Le marché des obligations durables attend d’être testé

La vie n’est pas un long fleuve tranquille pour les sustainability linked bonds (SLB). Ces instruments sont souvent critiqués pour les objectifs peu ambitieux fixés par les émetteurs. Des émetteurs qui peuvent d’ailleurs ne pas les atteindre. Mais ce marché n’a jusque-là pas été réellement testé. Ce ne serait qu’une question de temps.
Plusieurs sociétés confrontées à la crise du gaz en Europe, avec Enel en première ligne, pourraient se retrouver en dehors des clous. L’augmentation de la production d’électricité à partir de charbon pour réduire la dépendance au gaz russe risque d’empêcher d’atteindre les objectifs de réduction d’émissions de CO2. Les analystes de Barclays ont estimé dans une note qu’une vingtaine de ces obligations étaient concernées pour les objectifs à fin 2022 et 2023. L’énergéticien grec PPC mais aussi le chimiste Nobian et le fabricant de freins Knorr Bremser ainsi que la Saur. Avec 12 titres potentiellement dans le viseur, l’énergéticien italien serait le plus touché avec 120 millions d’euros de coûts supplémentaires, selon ces analystes.

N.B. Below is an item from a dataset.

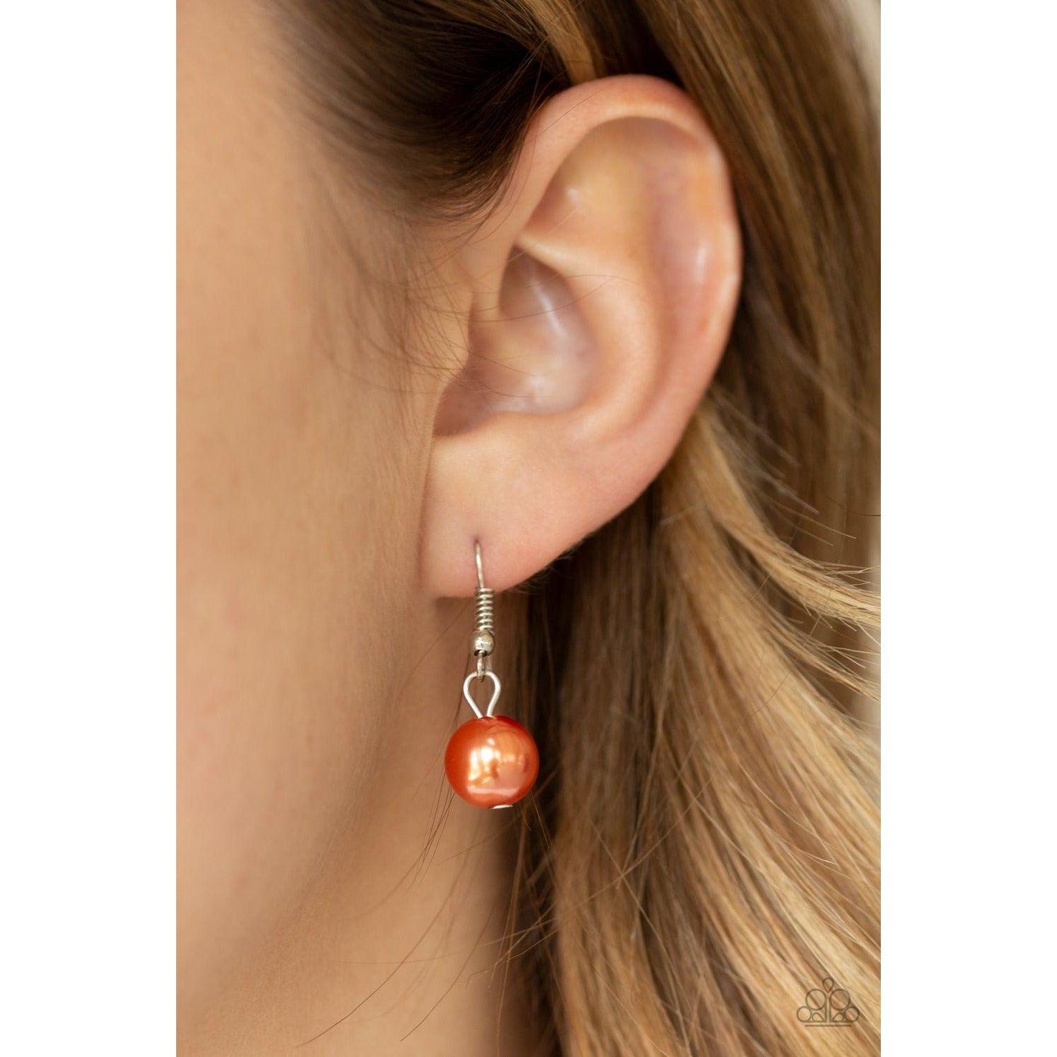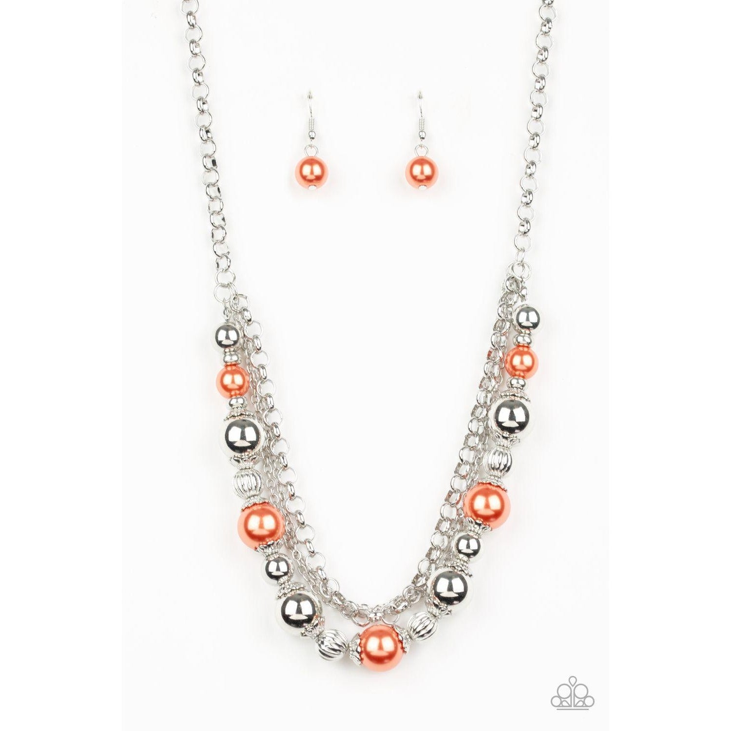 Layers of mismatched silver chains give way to a strand of ornate silver beads and oversized orange pearls that cascade below the collar for a refined flair. Features an adjustable clasp closure.

Enel est le plus important émetteur de SLB avec environ 25 milliards d’euros émis depuis l’ouverture du marché en 2019 (près de 40% de son endettement). Une clause des obligations prévoit de ne pas augmenter le coût de financement (step-up) si le non-respect des engagements est dû notamment à un changement réglementaire. Alessandro Canta, le directeur financier d’Enel, a indiqué dans une interview à IFR qu’il paierait tout de même le coupon supplémentaire, si les engagements ne sont pas tenus. Le marché semble avoir pris en compte ce risque, les obligations Enel ont perdu en une semaine entre 3 et 4 points de pourcentage. Les rumeurs de limogeage par le gouvernement Meloni du président du groupe, Francesco Starace, véritable artisan de la transformation vers les énergies renouvelables (l’objectif de 60% de capacité fixé dans les SLB à fin 2022 aurait été dépassé, selon la direction du groupe à 64%), n’ont pas contribué à réduire la pression.
Cela n’a toutefois pas empêché Enel d’émettre le 13 février deux nouvelles tranches de SLB de 1,5 milliard d’euros sursouscrites trois fois. En début d’année, Barclays estimait que les émissions SLB allaient reculer cette année au profit des green bonds considérés comme plus qualitatifs. Pour l’heure ce n’est pas la tendance. Depuis janvier, les corporates européens ont émis plus de SLB (24,5 milliards d’euros) que de green bonds (15 milliards) sur un total de 60 milliards émis.